Question

Consider a firm that exists in a world with two periods (time 0 and time 1) and two equally likely states of the world at time 1. At time 0 the firm’s securities are traded. At time 1 the state is revealed. In the up-state the firm’s assets are worth $120 and in the down-state they are worth $40. The firm has debt outstanding with a face value of $60. Assume that the required rate of return is zero and investors are risk neutral. a) Compute the market value of debt, equity and the total market value of the company at time 0. b) Suppose that the company issues some additional debt with a face value of $40. This debt is pari passu (equal priority) with respect to the existing debt and the proceeds are invested in a zero NPV riskless project (i.e., the money is put in a safe box).

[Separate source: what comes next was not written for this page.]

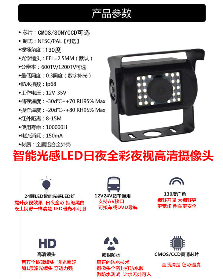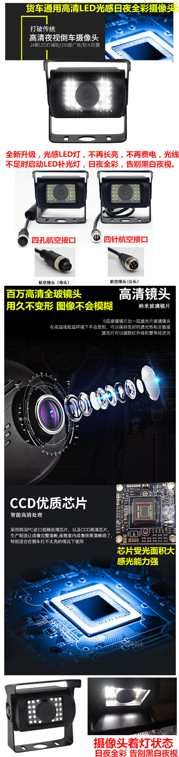 24V Dongfeng Tianlong Tianjin commercial vehicle semi-trailer original car screen special reversing image camera LED night vision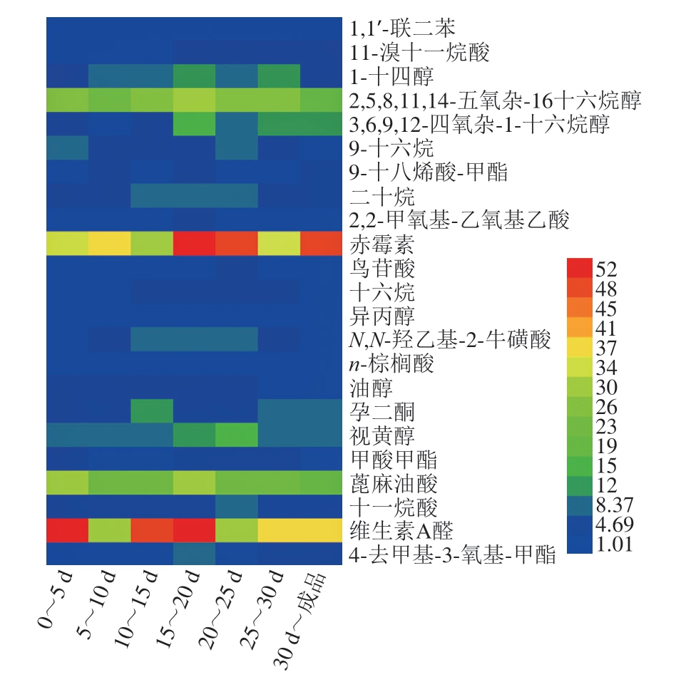 发酵过程为挥发性风味物质的形成提供了丰富的酶和各种前体物质,如碳水化合物、游离氨基酸和脂肪酸等[23]。为了进一步研究在发酵过程中挥发性风味化合物的变化,本研究选取在发酵过程中检测到的含量变化较为突出的23 种化合物,对含量的变化进行聚类分析,结果如图2所示,维生素A醛、赤霉素、蓖麻油酸、2,5,8,11,14-五氧杂-16-十六烷醇这4 种化合物在发酵过程中含量的变化始终比较明显,可能是这4 种化合物对鱼露的风味有着重要的影响。维生素A醛在发酵前期变化最大,到发酵后期变化稍有减慢,但总体增加还是比较大的。赤霉素在发酵的后期含量变化最大,在发酵前期含量不断增加,但增加的速度可能稍慢于后期。蓖麻油酸和2,5,8,11,14-五氧杂-16-十六烷醇在整个发酵过程中的含量不断增加,通过对比发现,在发酵过程中增加的速度变化较小。其他化合物在发酵过程中的含量也在不断增加,但可能增加的速度与这4 种化合物相比较为缓慢。

How much money is the company able to raise with this debt issue?

Answer 1

Part a)

The expected value of the firm's assets at time 1 will be the average of up-state & down-state

= 0.5 * (120 + 40)

= 80

As the required rate of return is zero, the value at time 0 will also be the same as that of time 1 as:

value at time 0 = Value at time 1 discounted at 0% rate = 80 / (1 + 0%)

=80

Thus the total market value of the company at time 0 = $80

As this is greater than the face value of debt, so the debt can be repaid completely & thus it is worth its face value,

So the value of debt= $60

Value of equity = Total value of the firm - the value of debt

= 80 - 60

= $20

Part b)

After issuing additional debt of $40, the total outstanding debt = 60 + 40 = $100

As the total value of the firm is only $80, so the actual market value of the debt will be this much only.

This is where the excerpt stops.